» Problem details:
An exact transcription of all the data is required.

******

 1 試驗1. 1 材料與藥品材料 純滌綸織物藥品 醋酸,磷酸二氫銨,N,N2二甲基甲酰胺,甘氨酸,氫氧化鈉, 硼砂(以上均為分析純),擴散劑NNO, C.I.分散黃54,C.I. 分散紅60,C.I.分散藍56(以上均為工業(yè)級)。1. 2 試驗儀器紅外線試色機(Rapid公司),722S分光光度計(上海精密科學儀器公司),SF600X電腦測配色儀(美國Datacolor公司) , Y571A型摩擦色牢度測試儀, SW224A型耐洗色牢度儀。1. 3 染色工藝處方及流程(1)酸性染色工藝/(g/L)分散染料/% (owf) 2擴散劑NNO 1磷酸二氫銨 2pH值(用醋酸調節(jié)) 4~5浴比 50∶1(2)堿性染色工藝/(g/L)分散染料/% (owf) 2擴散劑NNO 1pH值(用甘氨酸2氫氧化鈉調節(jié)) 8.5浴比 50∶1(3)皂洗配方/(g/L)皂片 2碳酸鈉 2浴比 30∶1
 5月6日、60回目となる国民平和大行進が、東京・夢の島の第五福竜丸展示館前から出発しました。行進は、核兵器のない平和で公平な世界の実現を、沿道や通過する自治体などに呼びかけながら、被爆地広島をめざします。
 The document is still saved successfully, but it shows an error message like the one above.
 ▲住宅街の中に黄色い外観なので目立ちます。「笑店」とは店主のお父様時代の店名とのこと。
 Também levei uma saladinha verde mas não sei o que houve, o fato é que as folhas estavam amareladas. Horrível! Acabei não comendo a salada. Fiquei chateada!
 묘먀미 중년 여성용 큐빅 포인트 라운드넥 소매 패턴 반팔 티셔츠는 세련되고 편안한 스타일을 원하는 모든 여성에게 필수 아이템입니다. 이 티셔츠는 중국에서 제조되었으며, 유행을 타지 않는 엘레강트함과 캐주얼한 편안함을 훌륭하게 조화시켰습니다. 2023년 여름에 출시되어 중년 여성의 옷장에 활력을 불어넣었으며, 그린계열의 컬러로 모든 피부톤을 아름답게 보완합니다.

******

» Output of the exercise:
 1 試驗1. 1 材料與藥品材料 純滌綸織物藥品 醋酸,磷酸二氫銨,N,N2二甲基甲酰胺,甘氨酸,氫氧化鈉, 硼砂(以上均為分析純),擴散劑NNO, C.I.分散黃54,C.I. 分散紅60,C.I.分散藍56(以上均為工業(yè)級)。1. 2 試驗儀器紅外線試色機(Rapid公司),722S分光光度計(上海精密科學儀器公司),SF600X電腦測配色儀(美國Datacolor公司) , Y571A型摩擦色牢度測試儀, SW224A型耐洗色牢度儀。1. 3 染色工藝處方及流程(1)酸性染色工藝/(g/L)分散染料/% (owf) 2擴散劑NNO 1磷酸二氫銨 2pH值(用醋酸調節(jié)) 4~5浴比 50∶1(2)堿性染色工藝/(g/L)分散染料/% (owf) 2擴散劑NNO 1pH值(用甘氨酸2氫氧化鈉調節(jié)) 8.5浴比 50∶1(3)皂洗配方/(g/L)皂片 2碳酸鈉 2浴比 30∶1
 5月6日、60回目となる国民平和大行進が、東京・夢の島の第五福竜丸展示館前から出発しました。行進は、核兵器のない平和で公平な世界の実現を、沿道や通過する自治体などに呼びかけながら、被爆地広島をめざします。
 The document is still saved successfully, but it shows an error message like the one above.
 ▲住宅街の中に黄色い外観なので目立ちます。「笑店」とは店主のお父様時代の店名とのこと。
 Também levei uma saladinha verde mas não sei o que houve, o fato é que as folhas estavam amareladas. Horrível! Acabei não comendo a salada. Fiquei chateada!
 묘먀미 중년 여성용 큐빅 포인트 라운드넥 소매 패턴 반팔 티셔츠는 세련되고 편안한 스타일을 원하는 모든 여성에게 필수 아이템입니다. 이 티셔츠는 중국에서 제조되었으며, 유행을 타지 않는 엘레강트함과 캐주얼한 편안함을 훌륭하게 조화시켰습니다. 2023년 여름에 출시되어 중년 여성의 옷장에 활력을 불어넣었으며, 그린계열의 컬러로 모든 피부톤을 아름답게 보완합니다.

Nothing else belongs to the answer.